Since the episode with Eugine_Nier, I have received three private messages from different people asking me to investigate various cases of suspected mass downvoting. And to be quite honest, I don't want to deal with this. Eugine's case was relatively clear-cut, since he had engaged in systematic downvoting of a massive scale, but the new situations are a lot fuzzier and I'm not sure of what exactly the rules should be (what counts as a permitted use of the downvote system and what doesn't?).
At least one person has also privately contacted me and offered to carry out moderator duties if I don't want them, but even if I told them yes (on what basis? why them and not someone else?), I don't know what kind of policy I should tell them to enforce. I only happened to be appointed a moderator because I was in the list of top 10 posters at a particular time, and I don't feel like I should have any particular authority to make the rules. Nor do I feel like I have any good idea of what the rules should be, or who would be the right person to enforce them.

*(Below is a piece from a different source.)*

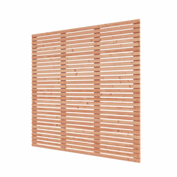 De planken zijn zorgvuldig samengesteld met 32 planken van 1,5 x 4,2 cm, stevig bevestigd aan een robuuste constructie van verticale planken aan de achterkant. Dit zorgt voor een stabiele en duurzame schutting die bestand is tegen verschillende weersomstandigheden. Het lattenscherm is dus niet alleen functioneel, maar ook een decoratieve aanvulling in je tuin.
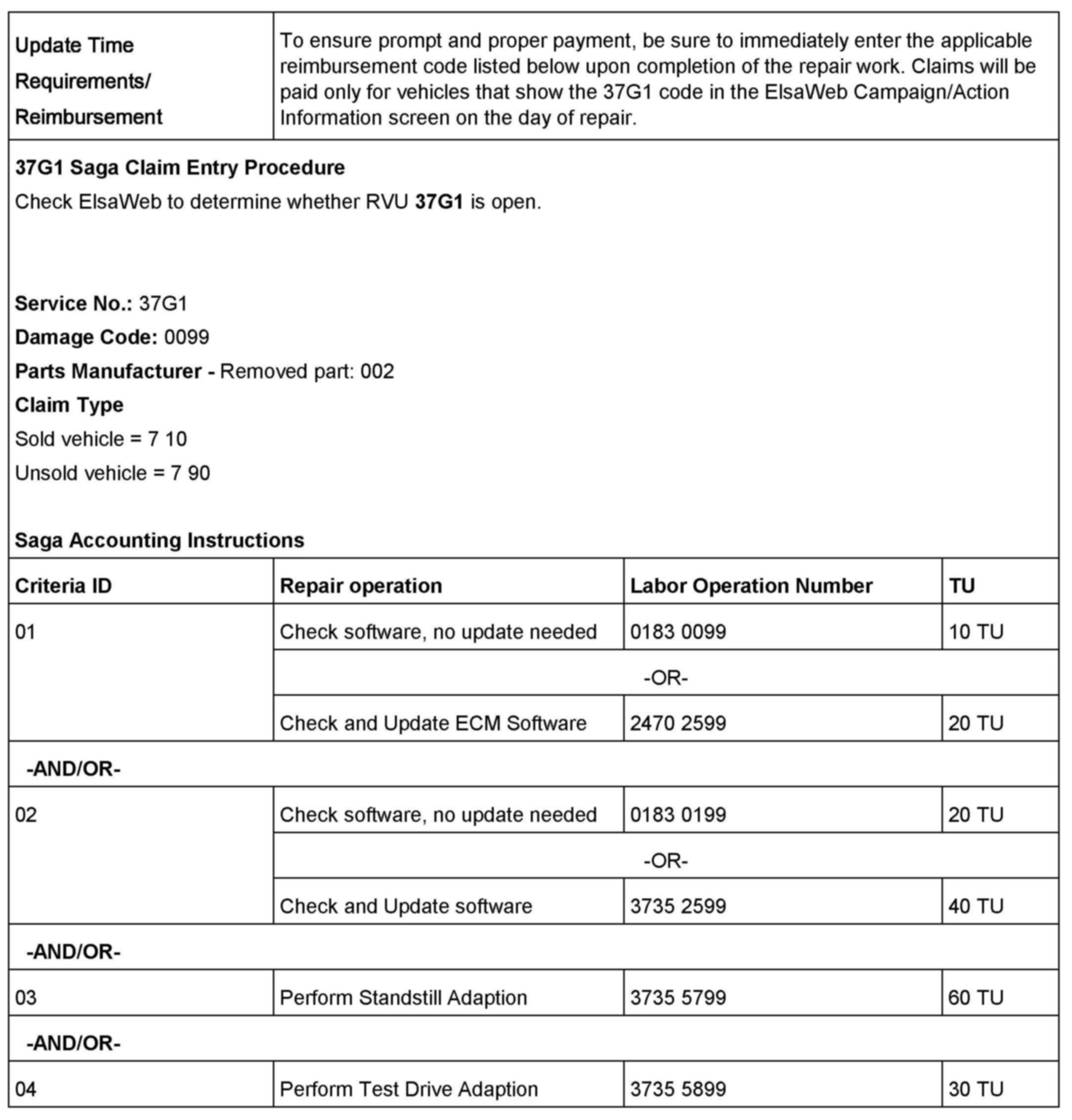 ^ Procedure is valid only for vehicles that show the 37G1 code in the ElsaWeb Campaign/Action Information screen on the day of repair.

In any case, I don't want to be doing this job, nor do I particularly feel like being responsible for figuring out who should, or how, or what the heck. I've already started visiting LW less often because I dread having new investigation requests to deal with. So if you folks could be so kind as to figure it out without my involvement? If there's a clear consensus that someone in particular should deal with this, I can give them mod powers, or something.

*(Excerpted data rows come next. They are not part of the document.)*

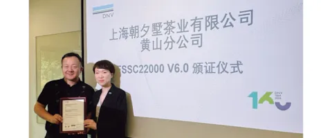 近日,朝夕墅茶业黄山茶厂(PWG)荣获 DNV 颁发的 FSSC 22000 V6.0 食品安全管理体系认证证书,这是 DNV 颁发的首张茶叶类 FSSC 22000 V6.0 认证证书。
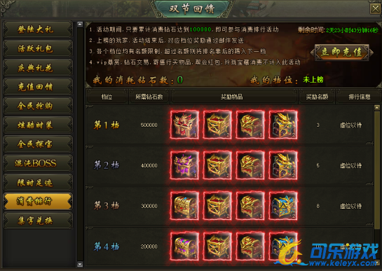 活动说明:活动期间,累计消费达到100000钻石的玩家参与排行,达到对应档位的玩家奖励在活动结束后以邮件的方式进行发放
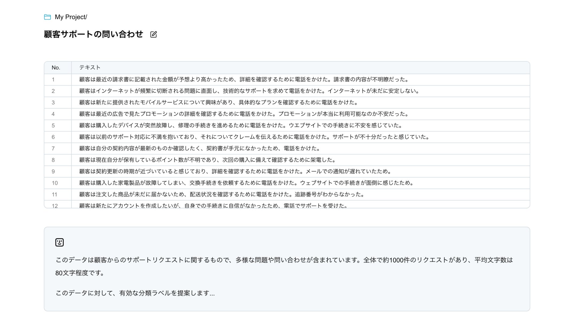 テキストの意味合いを深く理解した上でAIが分類ラベルを提案します。
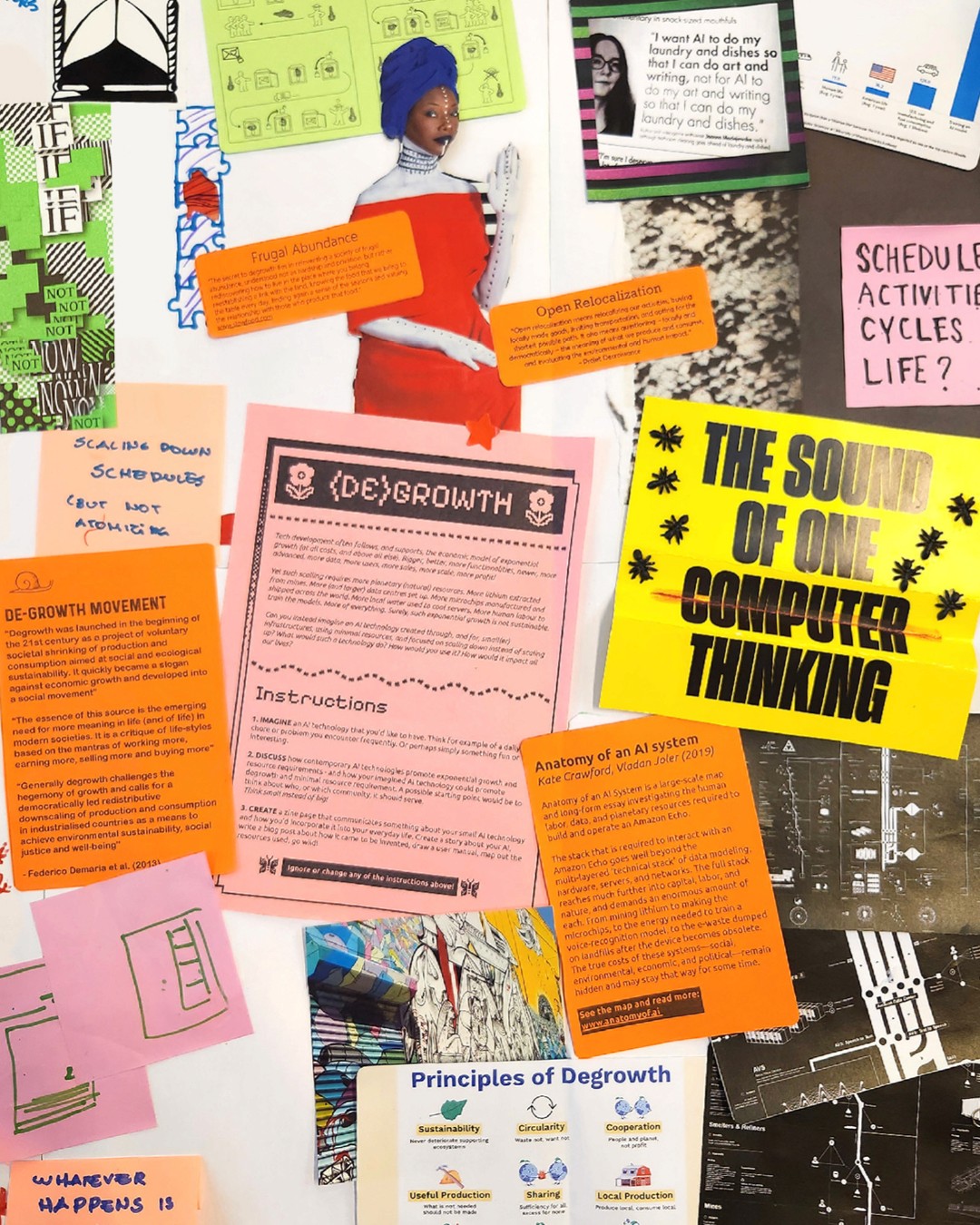 As part of Small AI research led by Nadia Nadesan, we turned to the design and research practices of Linda Dounia Rebeiz and Vera van der Burg. Together, we explored AI's potential as a tool for introspection and critical reflection. How does AI shift in shape and form when infused with unique subjective realities?
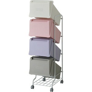 多段式ダストボックス、Nコンテナスタイル5。色はホワイト・ピンク・ラベンダー・ミディアムグレー、21L×4段です。■商品スペック種類:本体+フタ+スタンド容量:84L寸法:W315×D525×H1199mm重量:6573g色:ホワイト...
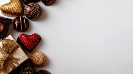 A delightful assortment of chocolates including heart-shaped designs and a beautifully wrapped gift box with a golden ribbon, perfect for holiday celebrations and special moments.
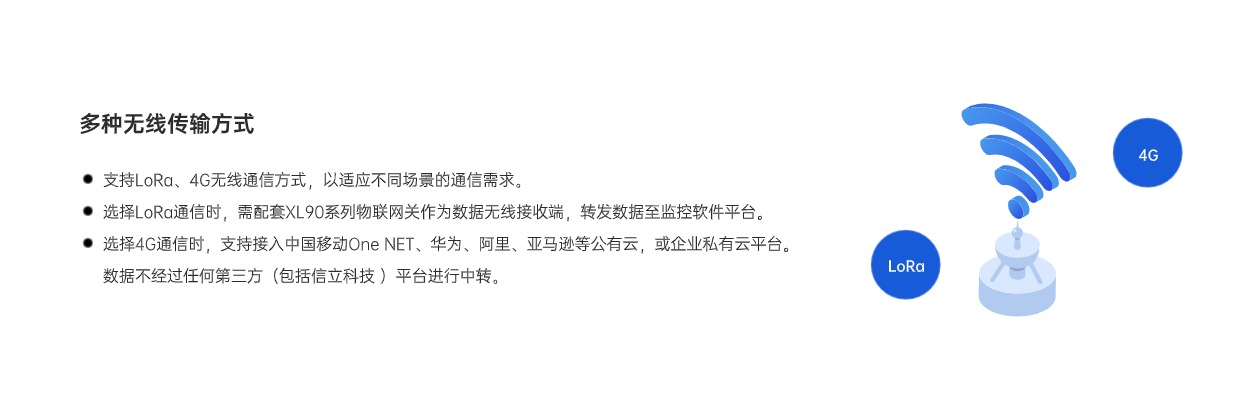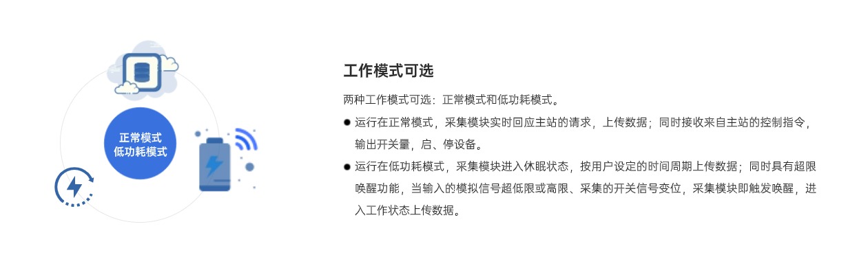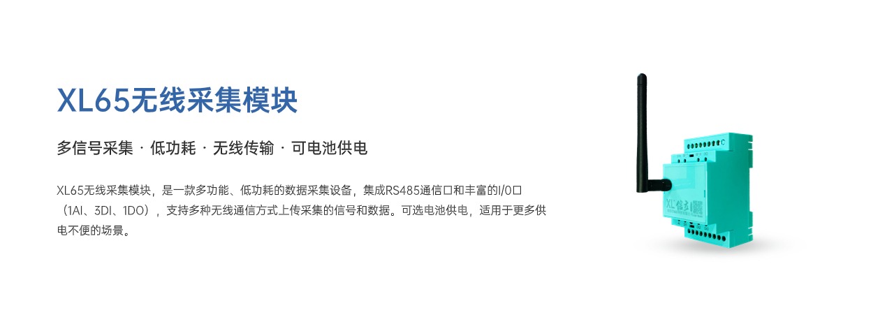 XL65采集模塊,用于監測點分散、數量少、供電不方便的場景。電池供電,變位、超限觸發功能,更適用于變送儀表信號、開關接點信號采集。
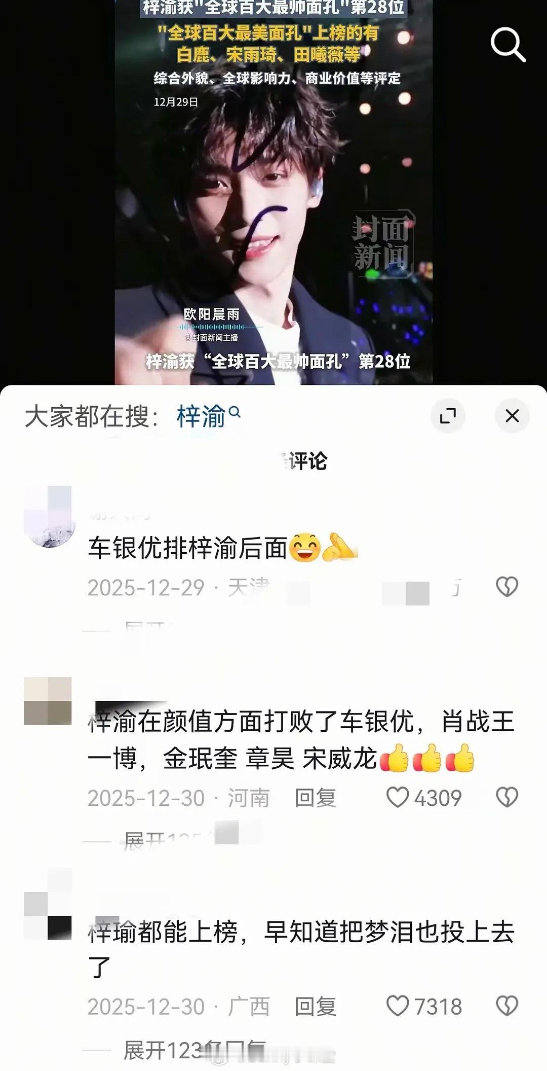 梓渝入选2025全球百大最帅面孔,排名打败一众男星,抖人锐评:内娱韩娱泰娱,突然

As gjm summarizes that's not the case. I don't think it should automatically be the case the the people downvoted by Eugene are ineligible for moderator. However having been the candidate of a downvote attack doesn't make you the best person to objectively decide how to punish the next mass downvoter, so it's okay that people downvoted by Eugene score less well on that metric.
I want a moderator who's not a controversial figure and who's trusted to make objective decisions.